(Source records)
——————
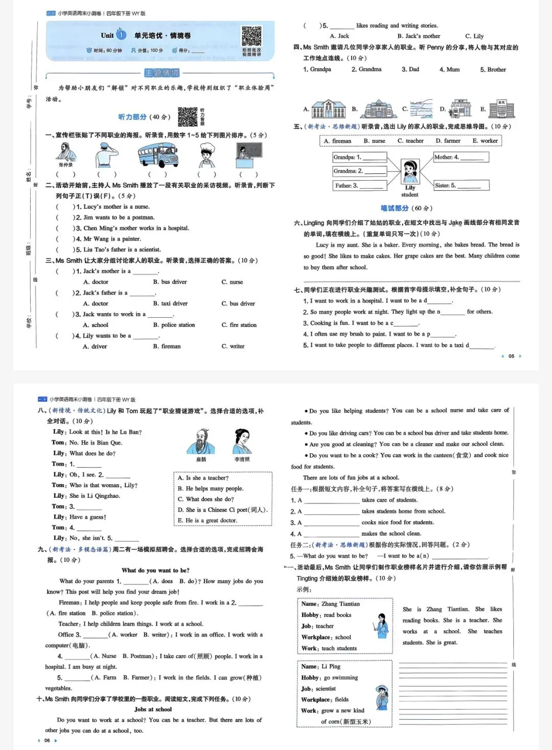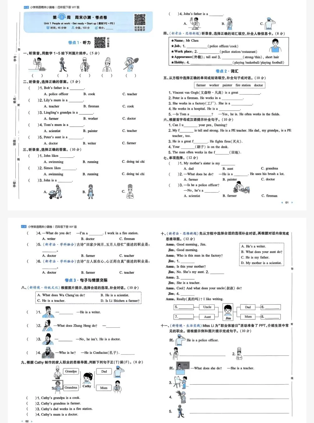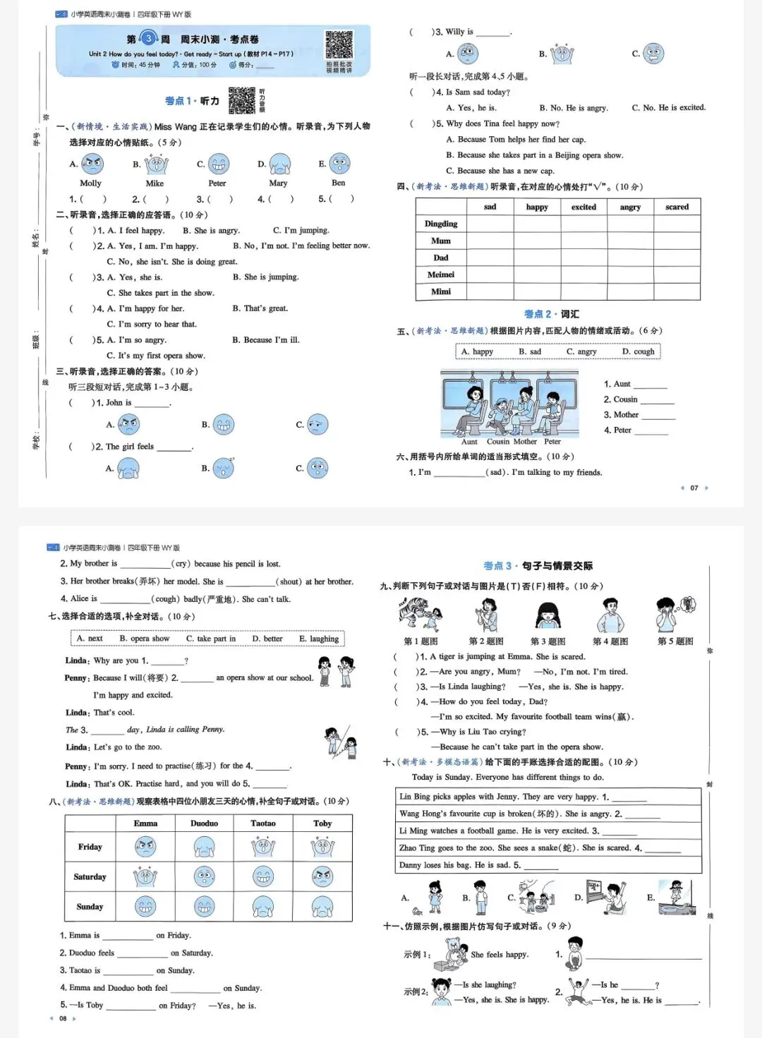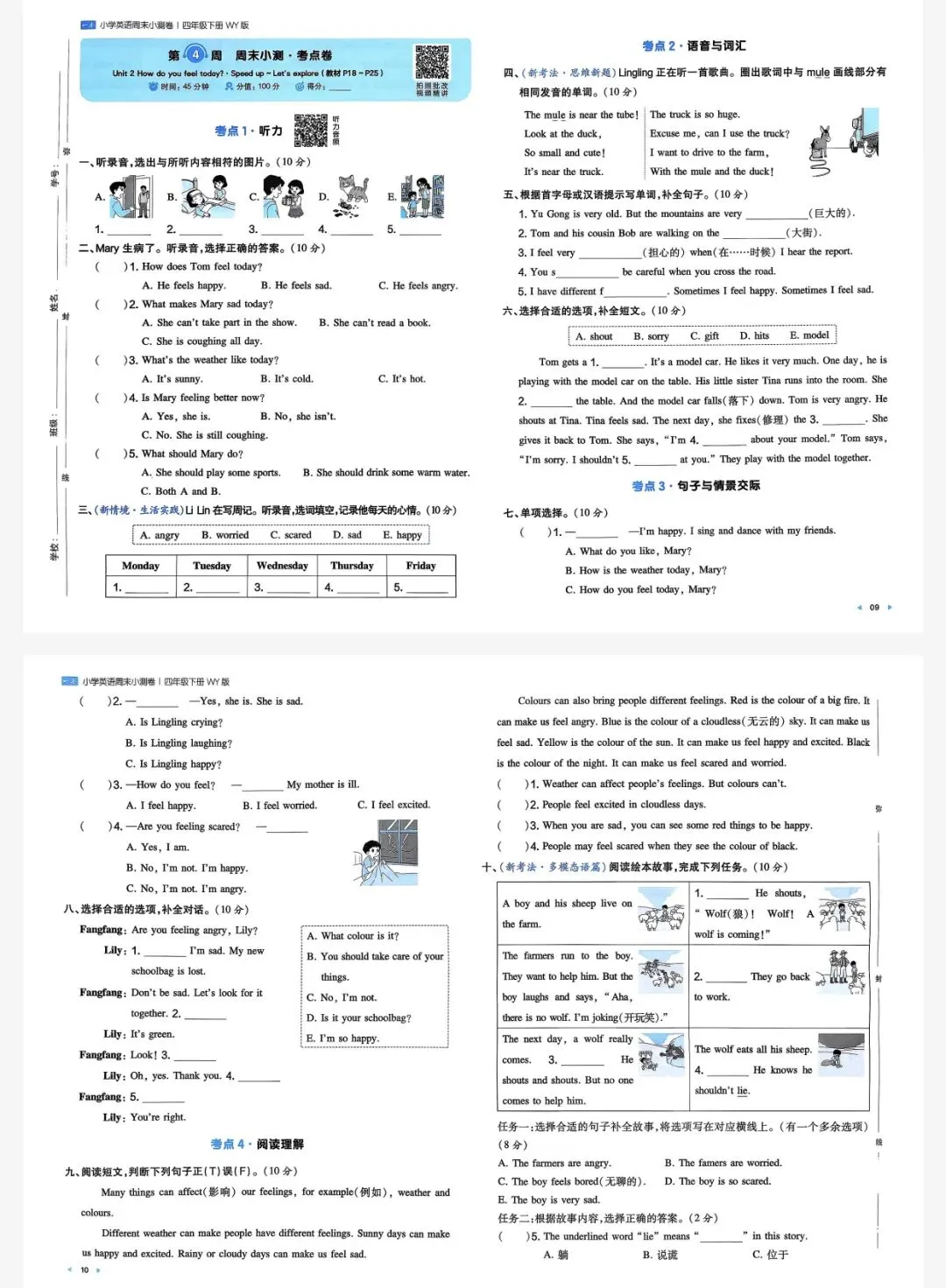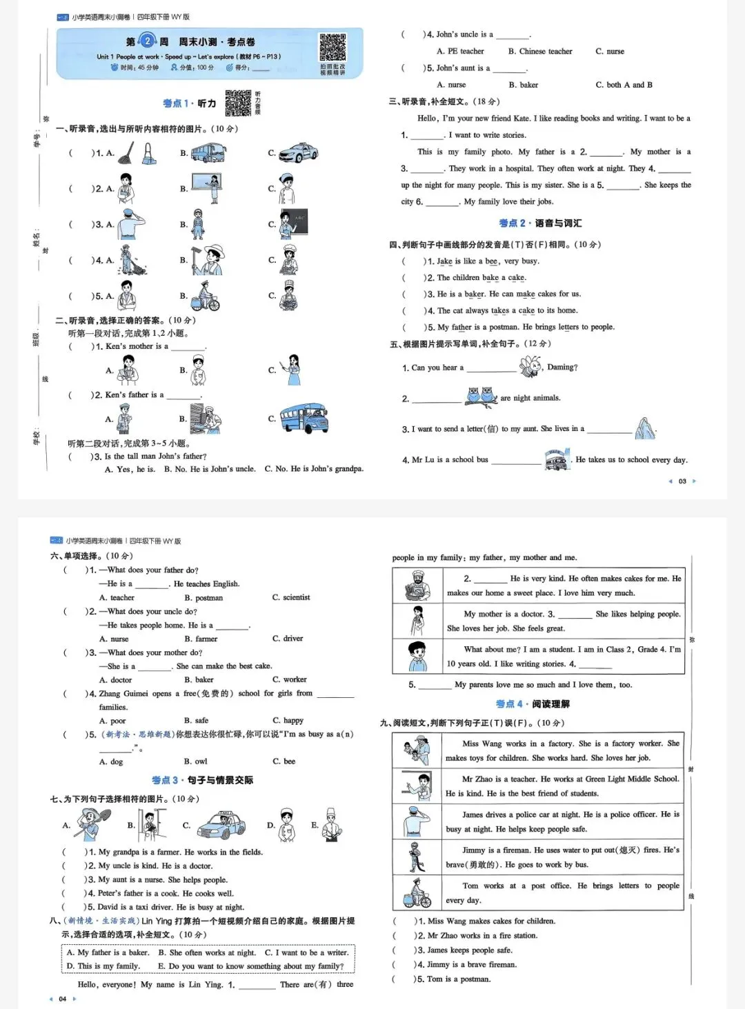 四年级下英语外研一本周末小测卷|可打印
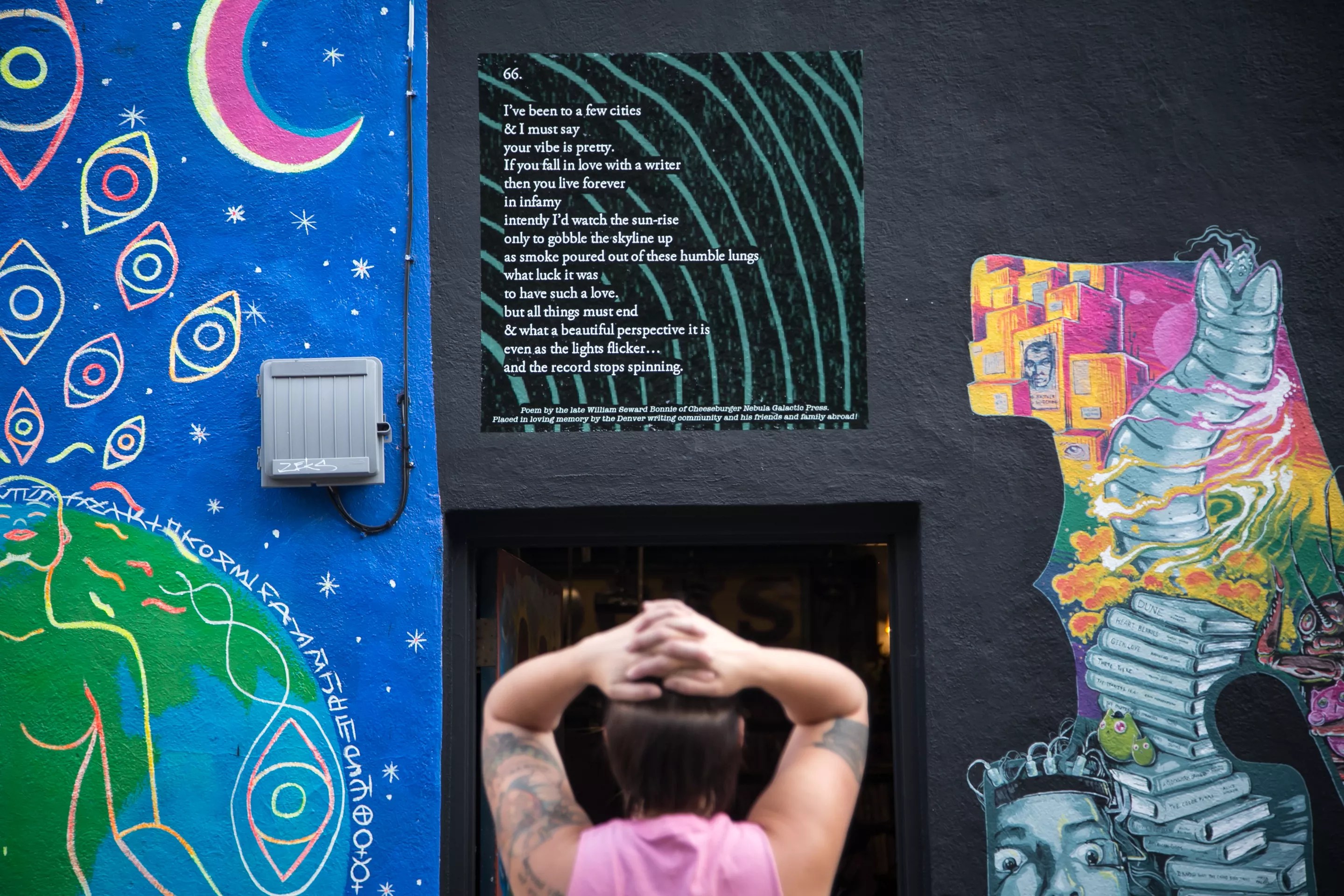 “I could see that his influence resonated with a lot of really cool, important young people,” Mutiny co-owner Jim Norris tells Westword. He says watching people squeegee a poem onto his establishment – where Bonnie had brought artists together – made him cry.
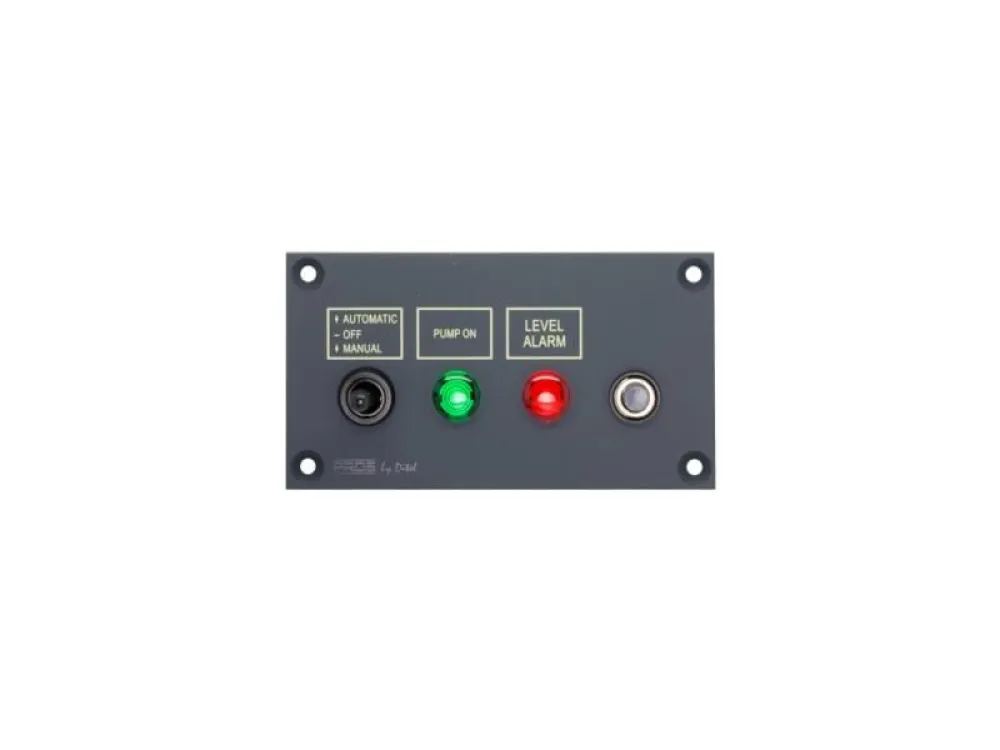 Chaque module comprend 1 interrupteur auto-off-manuel, 1 voyant vert de pompe en fonctionnement,1 voyant rouge d’alarme de niveau et 1 fusible thermique réarmable.
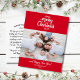 Espalhe o elogio do feriado com este cartão moderno que caracteriza sua foto horizontal, Feliz Natal em uma tipografia mão-indicada por letras do roteiro, acentos botânicos do sprig, ajuste-o toda contra um fundo do vermelho do Natal. O espaço de características da parte traseira para um espaço datilografado da nota ou da supressão e da licença do feriado ao handwrite um. Igualmente adicione seu endereço do remetente. Divertimento e moderno contudo simples e festivo - aperfeiçoe para a alegria de espalhamento do Natal.
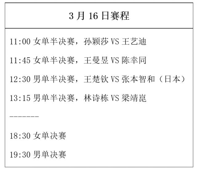 重庆冠军赛:3月16日赛程公布!两个冠军诞生,王楚钦决战张本智和
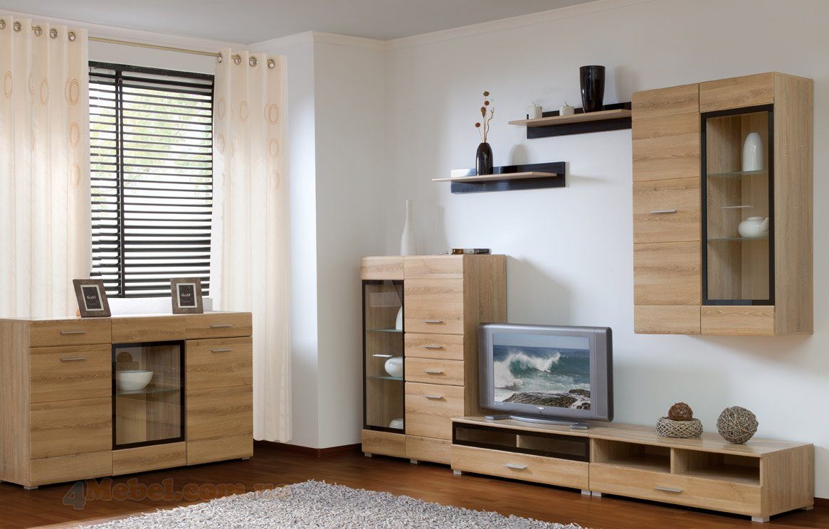 Выбор цвета модульного комплекта очень важен, так как он должен гармонично вписываться в обстановку, сочетаясь с оттенками интерьера. Чаще всего производители предлагают широкую гамму оттенков натурального дерева, которые актуальны в любом оформлении.
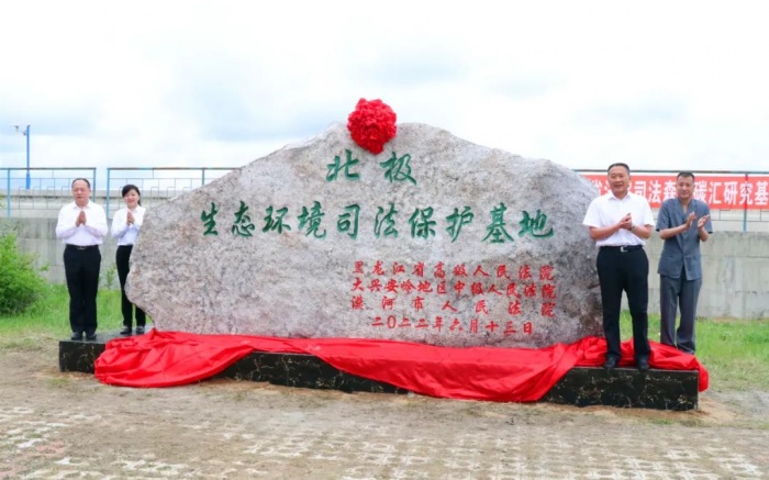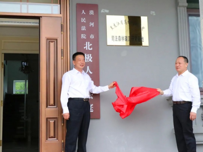 6月13日,由黑龙江省高级人民法院、大兴安岭地区中级人民法院、漠河市人民法院共同设立的北极生态环境司法保护基地和省法院司法森林碳汇研究基地在漠河市人民法院北极人民法庭正式揭牌成立。
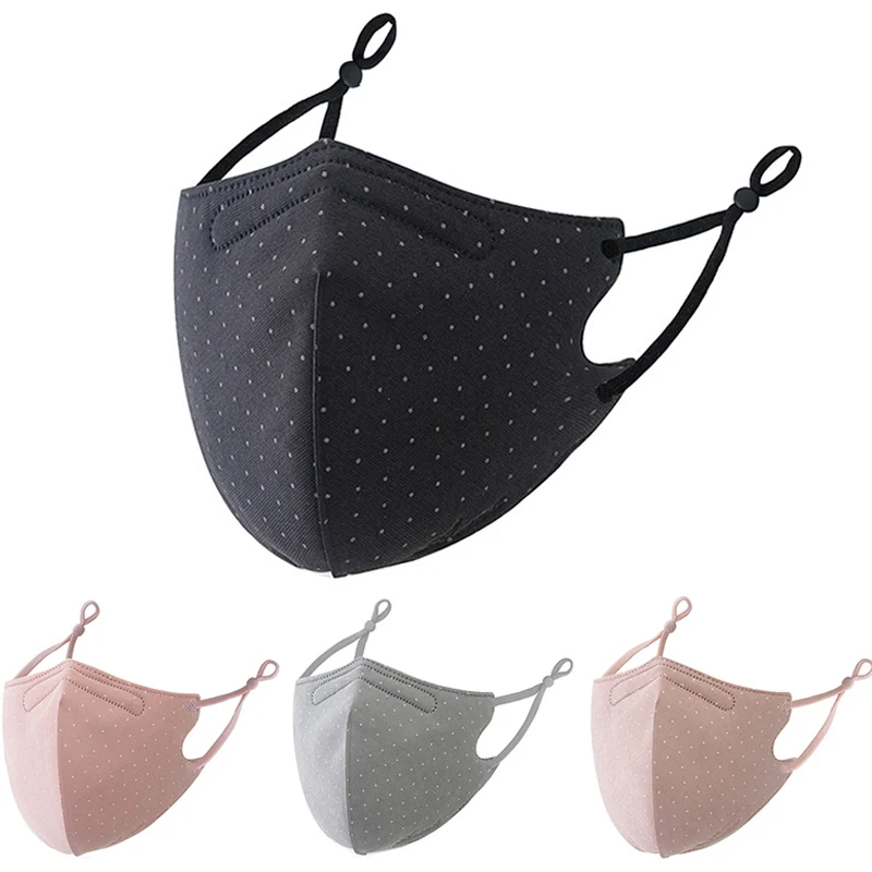Fashion Black Polka Dot Face Mask Dustproof Breathable Soft Cotton Masks Adult Mouth Mask Adjustable Washable Face Mask Women
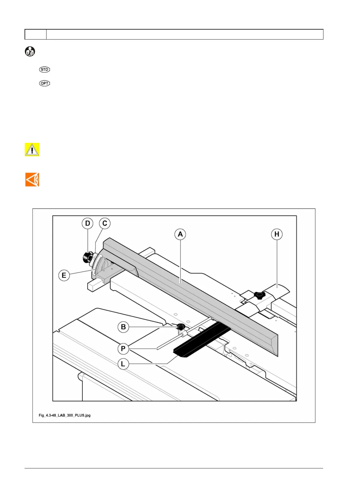 - As soon as the adjustment has been carried out, bring the fence lock (P fig. 4.3-48) to the stop on the
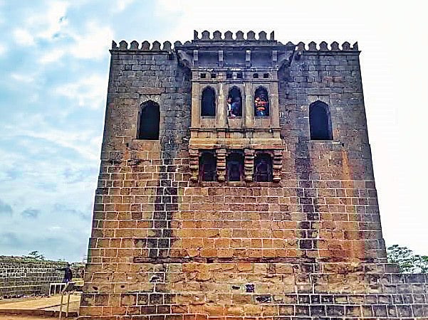 कुलापकर दरवाजा ओलांडल्यानंतर शिवकुंजाकडे जाणार्या सपाट रस्त्याच्या डाव्या बाजूला किल्ल्याच्या उत्तरेस खोल दरी आहे, तर उजव्या बाजूच्या कपारीमध्ये पाणपोढ्या खोदल्या आहेत. डोंगरउतारावर सपाटी आणि डोंगराचा चढ यांचा कोन साधून पाणपोढ्यांची खोदाई केली आहे. या दोन्ही पाणपोढ्या महत्त्वाच्या असून, किल्ल्यावरील पिण्याचे पाणी पुरवण्याचे एकमेव साधन आहे. किल्ल्यावरील इमारतींमध्ये अंबरखाना, शिवकुंज, कमानीची मशीद, सरकारवाड्याचे अवशेष, पोखरणी, बदामी तलाव, कडेलोट व घुमट असून, त्यांचे विशेष महत्त्व आहे.
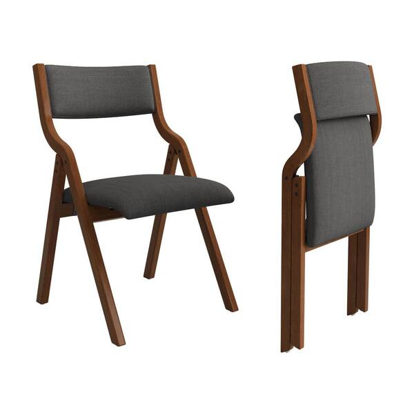 Gabriel Modern Dawn Grey and Walnut Fabric Upholstered Folding Dining Chair, Solid Wood Frame (Set of 2)
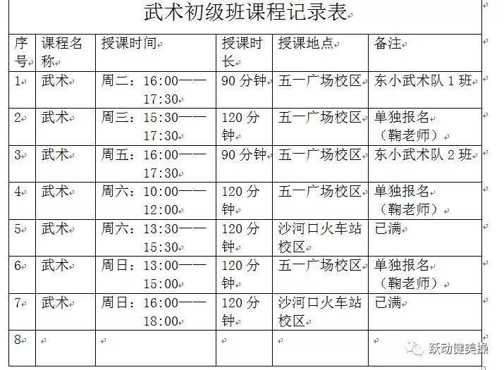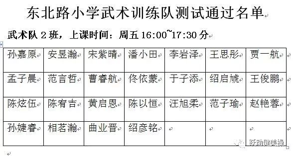 1.测试通过的同学,已经分成两个班,分别在周二和周五分开上免费公益课程,建议一周至少上两次武术训练课程,以确保训练效果,需要具体报哪个时段的课程,与鞠老师联络。
——————
Goal of the exercise
Find the line with "कुलापकर दरवाजा ओलांडल्यानंतर". Return it and each line after it through the end of the data, exactly, without pictures.

Problem solution
 कुलापकर दरवाजा ओलांडल्यानंतर शिवकुंजाकडे जाणार्या सपाट रस्त्याच्या डाव्या बाजूला किल्ल्याच्या उत्तरेस खोल दरी आहे, तर उजव्या बाजूच्या कपारीमध्ये पाणपोढ्या खोदल्या आहेत. डोंगरउतारावर सपाटी आणि डोंगराचा चढ यांचा कोन साधून पाणपोढ्यांची खोदाई केली आहे. या दोन्ही पाणपोढ्या महत्त्वाच्या असून, किल्ल्यावरील पिण्याचे पाणी पुरवण्याचे एकमेव साधन आहे. किल्ल्यावरील इमारतींमध्ये अंबरखाना, शिवकुंज, कमानीची मशीद, सरकारवाड्याचे अवशेष, पोखरणी, बदामी तलाव, कडेलोट व घुमट असून, त्यांचे विशेष महत्त्व आहे.
 Gabriel Modern Dawn Grey and Walnut Fabric Upholstered Folding Dining Chair, Solid Wood Frame (Set of 2)
 1.测试通过的同学,已经分成两个班,分别在周二和周五分开上免费公益课程,建议一周至少上两次武术训练课程,以确保训练效果,需要具体报哪个时段的课程,与鞠老师联络。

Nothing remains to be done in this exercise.